I’ve found a new energy and I’ve been doing both daily for about 4 days now…I plan to make it a daily occurrence to practice guitar and go through my voice exercises. I know all I need to do is just ‘make up my mind’ that I’m going to DO IT and it will happen. Much the same way I made up my mind to lose the weight and it happened; it took a year but it happened because I decided it would. That’s really the key to doing anything – you must DECIDE to do it. If you sit yourself down, have a heart to heart conversation with yourself and determine if you really want to do it, then you must decide you’re going to do it. This is such an important step and I’ve missed it for so long – I thought all I needed was the desire or wish to do something but all too often that fizzles out and I don’t get where I thought I wanted to go. I had my ‘Aha’ moment when I decided to lose weight. It was a very clear moment – I told myself that this was what I wanted and that I was going to make it a priority and I was not going to stop (no matter what obstacles I faced) until I got what I wanted. And lo and behold, that’s exactly what happened. I felt so good about being able to achieve that goal…it wasn’t really losing the weight (although I feel so much better), it was more about staying committed to doing it. I’m famous for starting things and not finishing them or following through, so having a weight loss target and staying committed to it for a year was a huge achievement for me.
Now I’m setting my sites on learning the guitar and doing my vocal exercises. I sat myself down and figured out that was what I really wanted so I decided to do it.
I’ll keep you posted…ttfn.
Yesterday was an amazing day! I had written some lyrics to a new song and sang the melody to a back beat a few weeks ago, then I got a message from a new acquaintance who wanted to meet and talk about songwriting. We exchanged a few emails and I shared my song with her. We had planned to meet at a little pastry shop in town and at the last minute she suggested we meet at a music studio so we could work on some harmonizing chords to go with my song. I was so excited! She is an amazing piano player and singer and within an hour she had recorded a wonderful working tape of my song…it brought tears to my eyes. Having the lyrics, melody and harmony come together like that was just breath-taking. I have no idea where this might lead but it has inspired me to write even more and look into taking guitar lessons. It would be so wonderful if I could put a whole song together (although I really like the idea of collaborating) but I would need to take lessons. I’ve already checked with a few places and I’m leaning toward a music store that is affiliated with the local NSAI chapter.
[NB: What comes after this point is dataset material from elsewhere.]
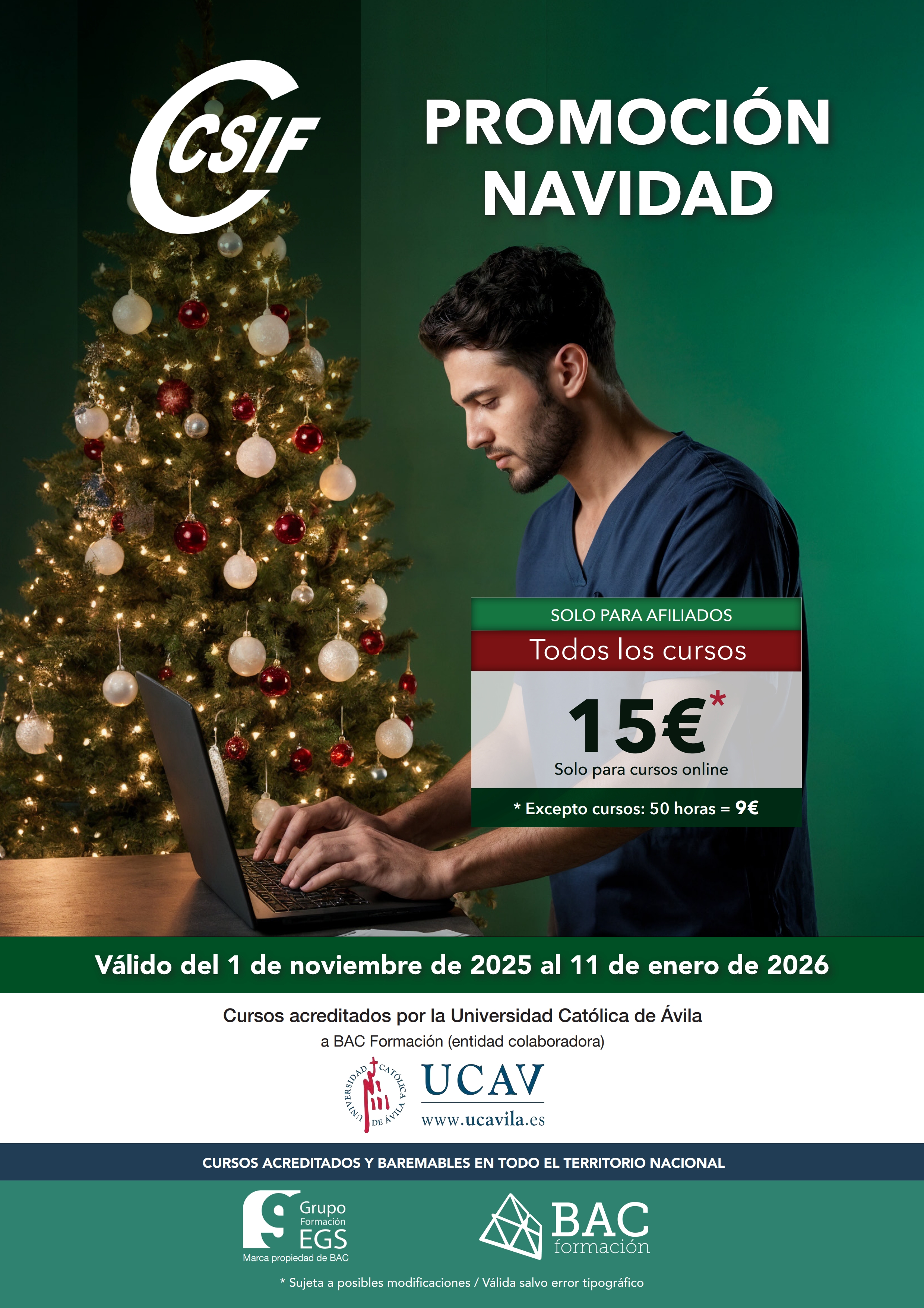 - Contacto para gestión de cursos: formacion.sanidad@csif.es, teléfono 915-987-260.

I came home and played the song for my husband (actually it was only the first verse and chorus) and he liked it. I then sent it off to my mother so she could hear it because she had heard the version of just me singing with a back beat. She was really impressed. I have made a few adjustments to the lyric and I just about have it where I want it. Carrie said that when I was done I could send it to her and she would make a new recording of the whole song for me to have. AMAZING!